Doing the right thing ecologically can also increase profit, build brand, and reduce risk. The assumption that "This good stuff costs money" is disproven daily by data of companies from Odwalla to Ford.

Companies can learn from nature's open source playbook how to be more effective, efficient, resilient, adaptive, and productive. The R&D is done and is available as a template for industrial re-invention.

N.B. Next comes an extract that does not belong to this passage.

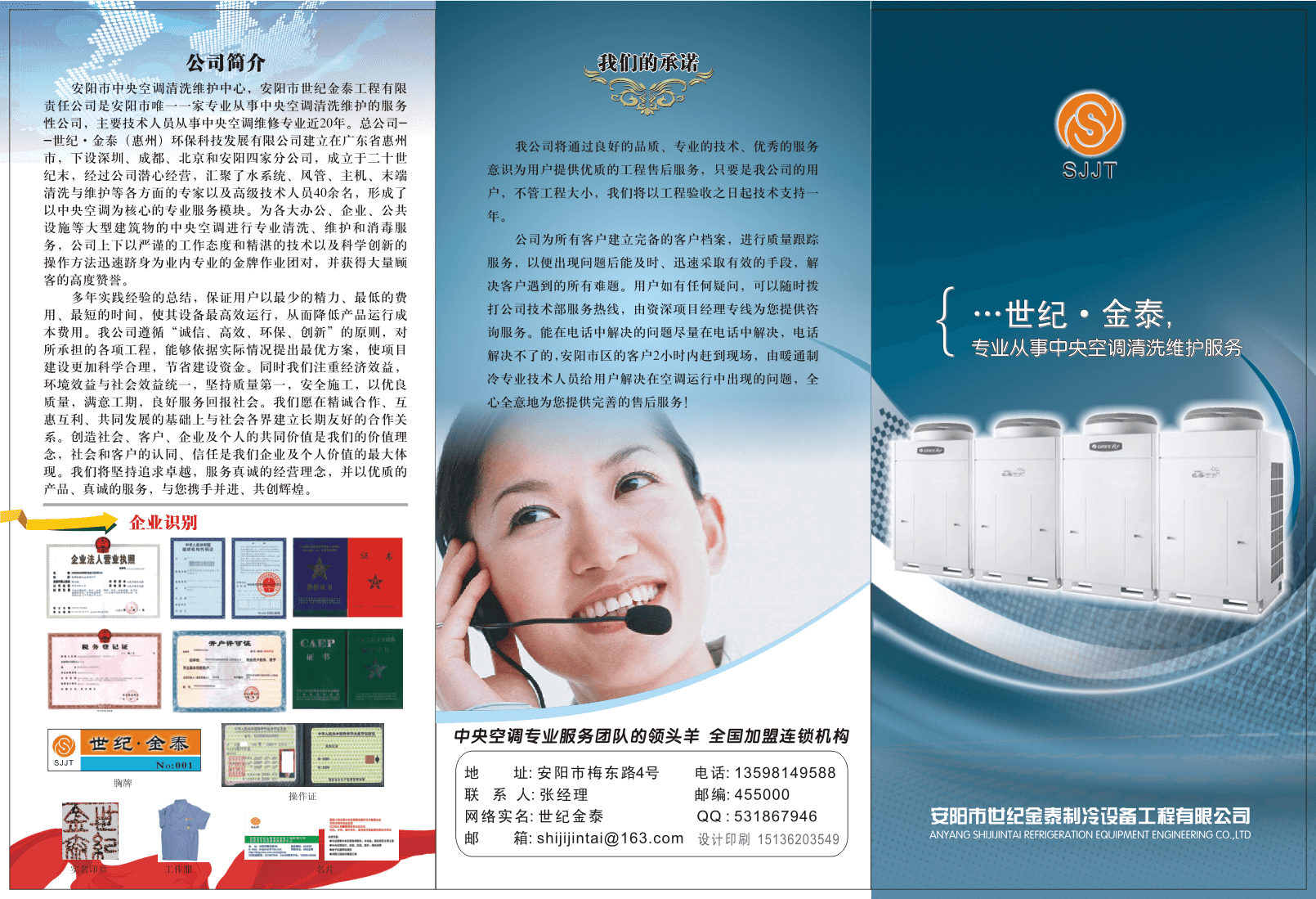 新一代企業(yè)的目標(biāo)是組合各種資源,為社會服務(wù),為社會和大眾創(chuàng)造價值。世紀(jì)金泰(安陽)空調(diào)設(shè)備工程有限公司作為一家年輕的公司,在十幾年的艱苦創(chuàng)業(yè)中,一步一個腳印,在實(shí)干中形成了一種“以質(zhì)取勝,以誠取信”的意識,并將此貫穿在公司各個環(huán)節(jié)的管理和經(jīng)營上,使公司在取得良好的經(jīng)濟(jì)效益的同時,樹立了良好的社會形象。在激烈的市場競爭中,世紀(jì)金泰正是因?yàn)榭煽康馁|(zhì)量和誠實(shí)的信譽(yù),才能站穩(wěn)腳跟,贏得消費(fèi)者,拓展了市場。公司視誠信為立身之本、發(fā)展之基、信譽(yù)之源。公司奉行全方位的誠信理念。企業(yè)、管理者及職工都要講求誠信。不僅公司內(nèi)部要講求誠信,在同社會、客戶和合作者交往中也要講求誠信。誠信集中體現(xiàn)在高標(biāo)準(zhǔn)的職業(yè)道德和商業(yè)道德上。

Nature doesn't have waste. One animal's "waste" is another's food. We can invent zero-waste companies. From a business and an environmental point of view, waste makes no sense. Companies pay for raw materials, technology and labor to process those materials: some are used, the rest go out a smokestack, pipe, or landfill. Friend says on average the ratio for the U.S. economy of productive use to waste is 6 percent: 94 percent. That's stunning and costly. We can achieve zero waste by selling or finding productive use for everything we make.

Friend cites the example of the late Ray Anderson and his carpet company, Interface. The old model was to extract petroleum, turn it into nylon, make it into carpet, use the carpet for 6 years, then dump it as waste in a landfill for thousands of years. Anderson reinvented a system without sewer pipes in production, and nothing going to landfill. Interface added $450 million to its bottom line, about equivalent to its total profit in a 12 year period. Other carpet companies are now competing to be more green.

We need to expand our sense of what's possible. Examine the flow of materials in the business. Understand that waste points to inefficiencies. Identify where value is leaking by going to a landfill or smokestack instead of into product. Learn from what other companies have done, knowing as Eleanor Roosevelt said, "If it exists, it's possible."

Friend points to two major developments in 2005 that accelerated the sustainable business revolution. First, General Electric started its eco-imagination program. CEO Jeffrey Immelt understood "Green is green," meaning that being environmental is profitable. They have been rippling sustainable design throughout the hundreds of businesses they run, generating tens of billions dollars in new revenue.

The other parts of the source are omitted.